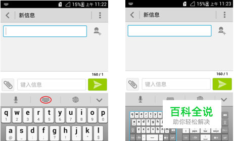 编辑短信时如何切换手写输入法 新建一封短信,点击输入框,下面弹出软键盘,默认为自带输入法,点击软键盘上方键盘图标,选择“输入方式。
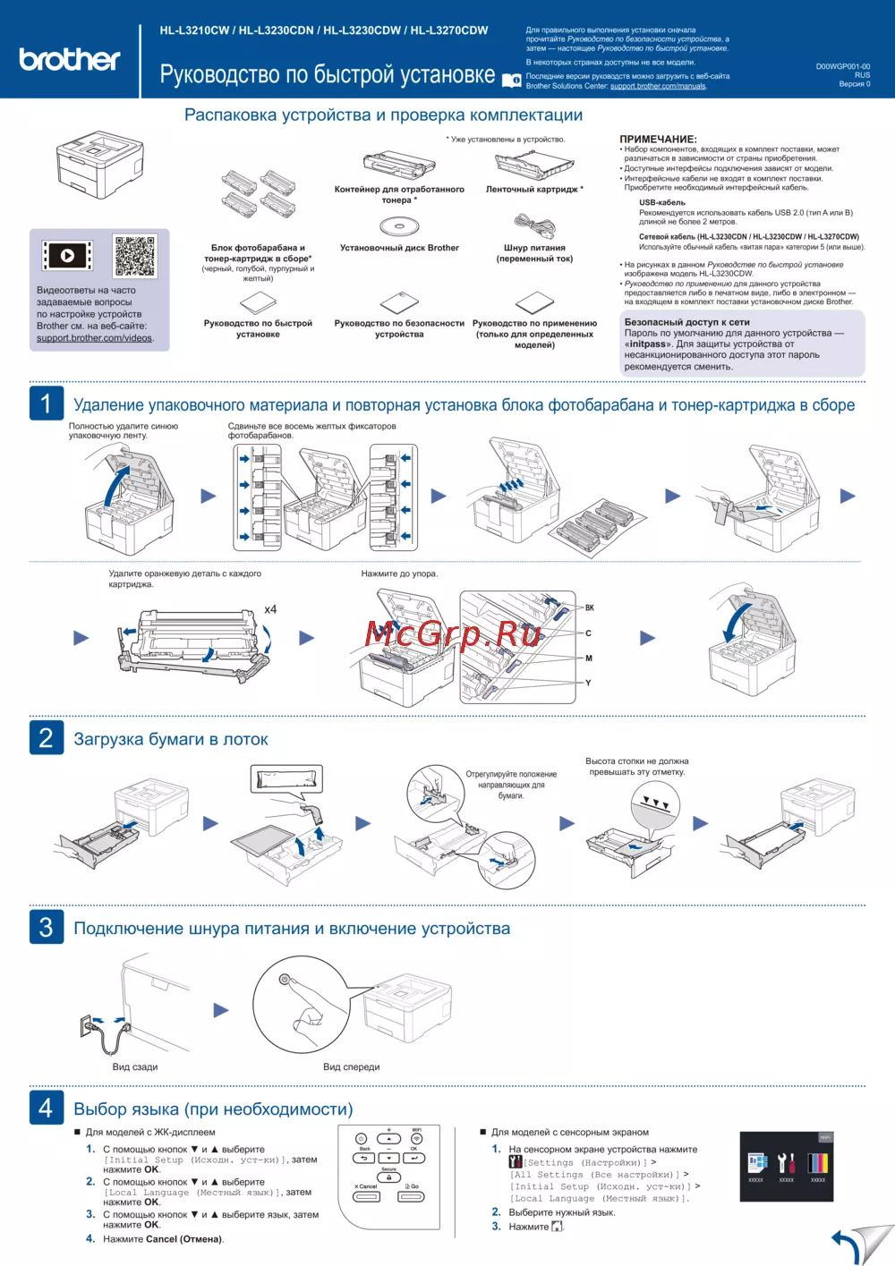 Brother HL-L3230CDW — инструкция по распаковке и настройке устройства: шаг за шагом [1/2]
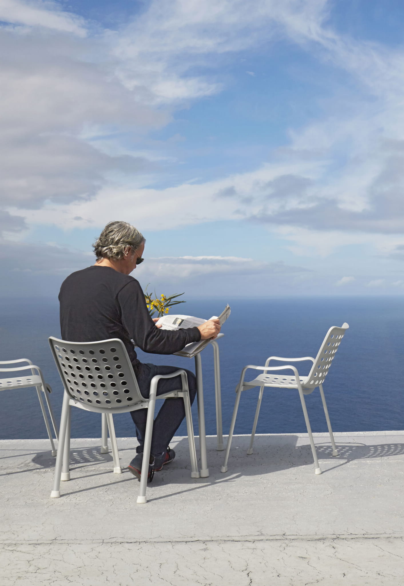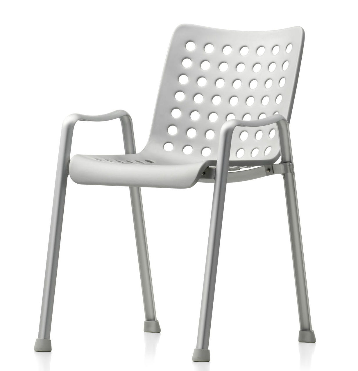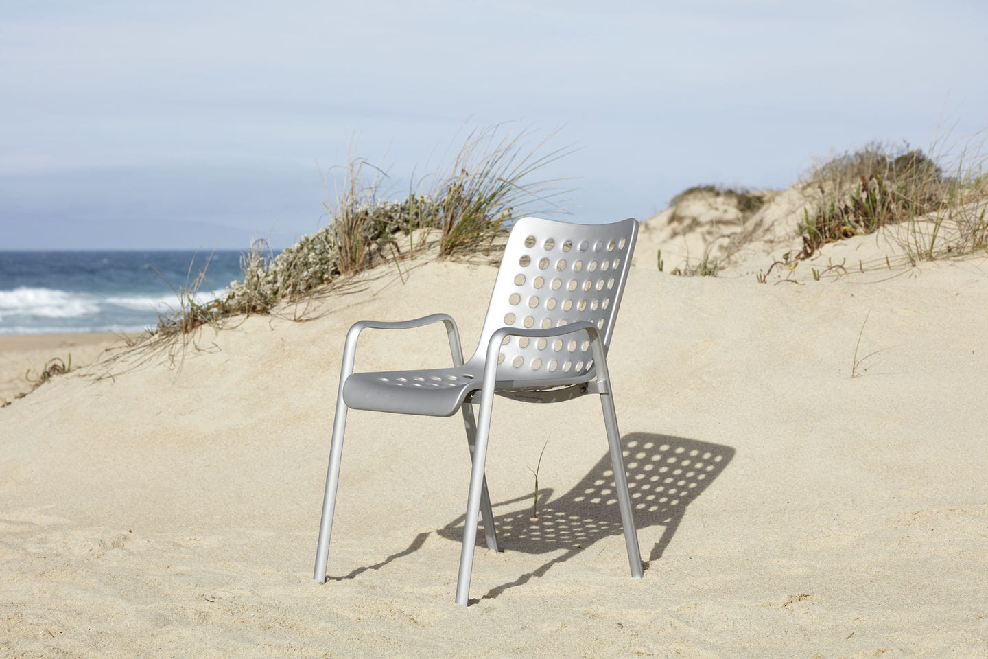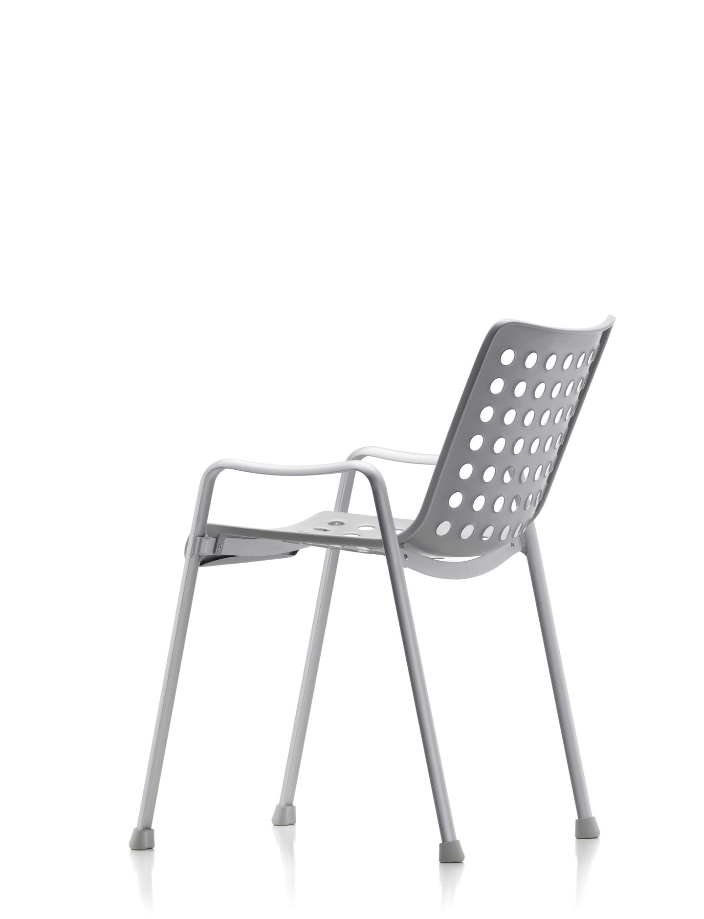 Krzesło Landi, zaprojektowane na szwajcarską wystawę narodową w 1939 roku, zajmuje ważne miejsce w historii dwudziestowiecznego wzornictwa: ten klasyk autorstwa Hansa Coraya ustanowił nową typologię trójwymiarowego, formowanego siedziska na oddzielnej podstawie. Przejrzysta konstrukcja tego w pełni aluminiowego krzesła składa się z dwóch części. Po pierwsze, para profili w kształcie litery U połączonych spawanymi poprzeczkami tworzy samonośną ramę, służącą jednocześnie jako nogi i niskie podłokietniki. Podstawa ta podtrzymuje skorupę siedziska, która idealnie wykorzystuje możliwości materiału: 91 otworów zapewnia nie tylko niewielką wagę i elastyczność wygodnej skorupy, ale także nadaje wdziękowi Landi jego charakterystyczny wygląd.
+-------+
_What to do:_ Give back, unaltered, each line of the listing from the first to the line that contains "Brother HL-L3230CDW —", leaving every picture out.

_Result of this task:_
 编辑短信时如何切换手写输入法 新建一封短信,点击输入框,下面弹出软键盘,默认为自带输入法,点击软键盘上方键盘图标,选择“输入方式。
 Brother HL-L3230CDW — инструкция по распаковке и настройке устройства: шаг за шагом [1/2]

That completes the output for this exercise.